So in practice, you have to invest a lot of computing time at the beginning to find a good configuration. In the use phase of the algorithm, you benefit from each runtime so that overall, resources can be saved.
Is it possible to shorten the computing time at the beginning?
Britta Heymann: Parallelization is the most important thing! We can either execute parallel evaluations at the same time on one computer or we even use several computers in one computing network. This is what I would recommend – in connection with Cloud-Computing, for example.
As far as the runtime is concerned with tuning, we can even terminate evaluations early on if parallel results show us that the associated configuration may not be one of the best.
It’s also important to ensure that you can terminate an evaluation after a certain time. Otherwise the tuner might spend too much time on a run which has, quite by chance, started with a very poor configuration and where it is actually clear early on that it will produce a very bad result.

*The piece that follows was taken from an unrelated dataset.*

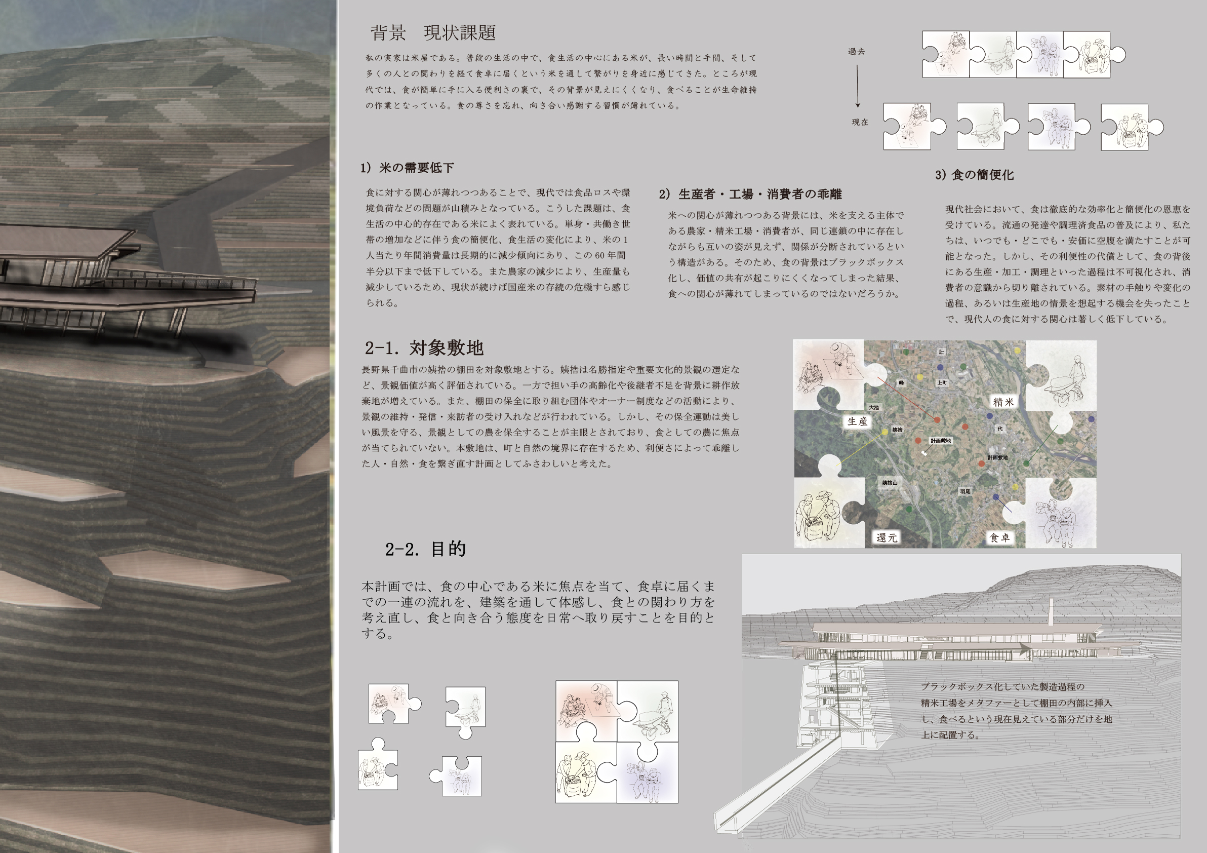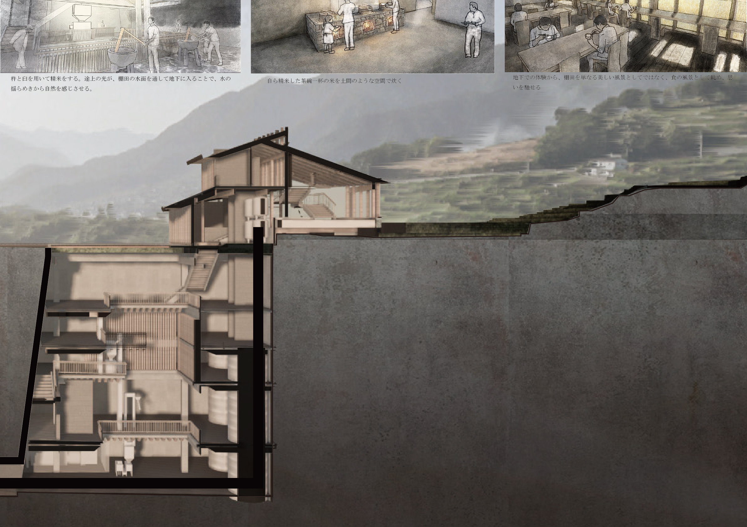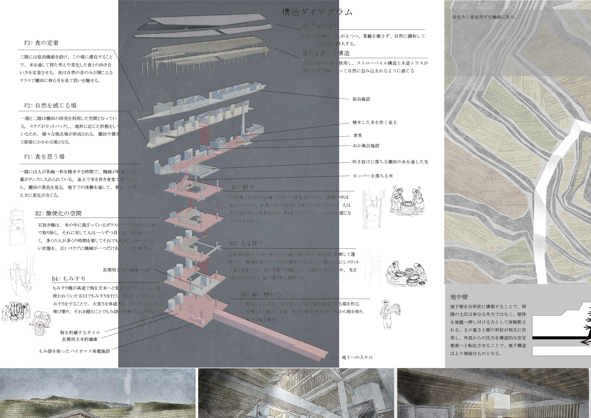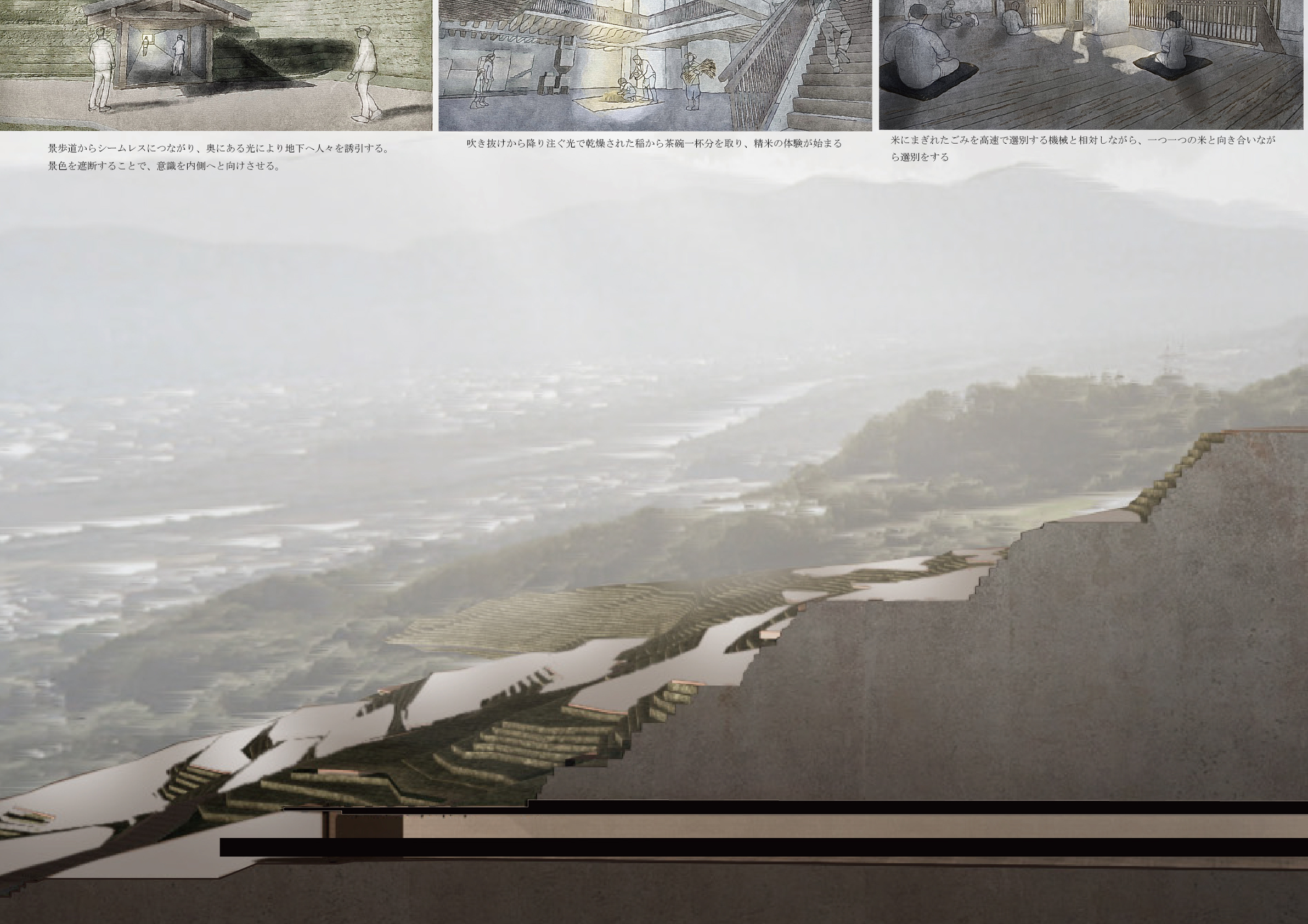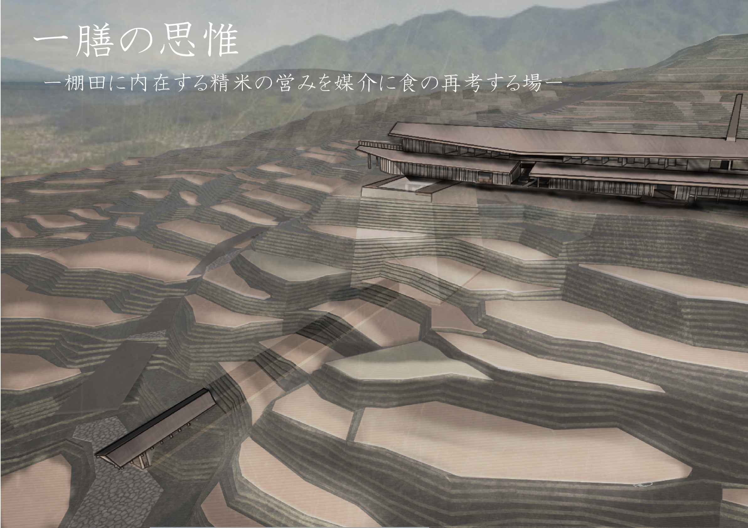本計画は、棚田という食の原風景の中に精米施設と滞在拠点を重ね合わせることで、一膳の米に至るまでの過程を身体的に捉え直す建築である。棚田の地下には精米工程を内包した施設を配置し、籾が白米へと変化していくプロセスを、地形に沿って下から上へと連続的に体験できる構成とした。来訪者は機械による大量精米の動線と並行して、一膳分の籾を携え、かつて用いられてきた手作業の精米を行いながら上昇する。その過程で、機械化によって不可視化されてきた食に要する労力や時間、身体への負荷を自身の感覚として知る。地上には食事や滞在の場を設け、棚田の風景の中でその体験を咀嚼し、内省へとつなげる。生産・加工・消費が分断された現代に対し、本建築はそれらを一続きの空間として再編し、一膳の背後に潜む労と時間を思惟する契機を生み出すことを目指す。

Which algorithms is tuning particularly suitable for? Or are there any algorithms for which it isn’t suitable?
Jannick Lange: It’s always a good idea for algorithms which have a relatively long runtime or if you have so-called run-time critical algorithms. For example, when you have a model that needs to be solved within a specific runtime. Sometimes this is only possible with tuning.
Hmm, what isn’t suitable? Well basically, an algorithm naturally has to provide parameters which the behavior can be influenced with.
Tuning is also diffcult if only very few instances are available or if individual evaluations require several hours or days. In the first case there’s a risk of overfitting, that means a parameter combination which is too specific for the training instances and generally offers no benefits. In the second case it could well be that the time required to perform tuning increases astronomically. One possible solution to this problem would be to use “smaller” instances from the same problem class for tuning – assuming that the configurations found are transferrable based on their structural similarity.
Britta Heymann: Basically, you have to decide whether you want to invest the time in tuning at the beginning. I think it’s the most useful if the algorithm fulfills a short runtime or if you use the algorithm very often. Then it’s worth it because you benefit from every run.
The faster the algorithm is from the start, the faster the tuner finds good configurations. That means that even algorithms which are realtively fast can benefit from tuning because tuning itself then works more quickly.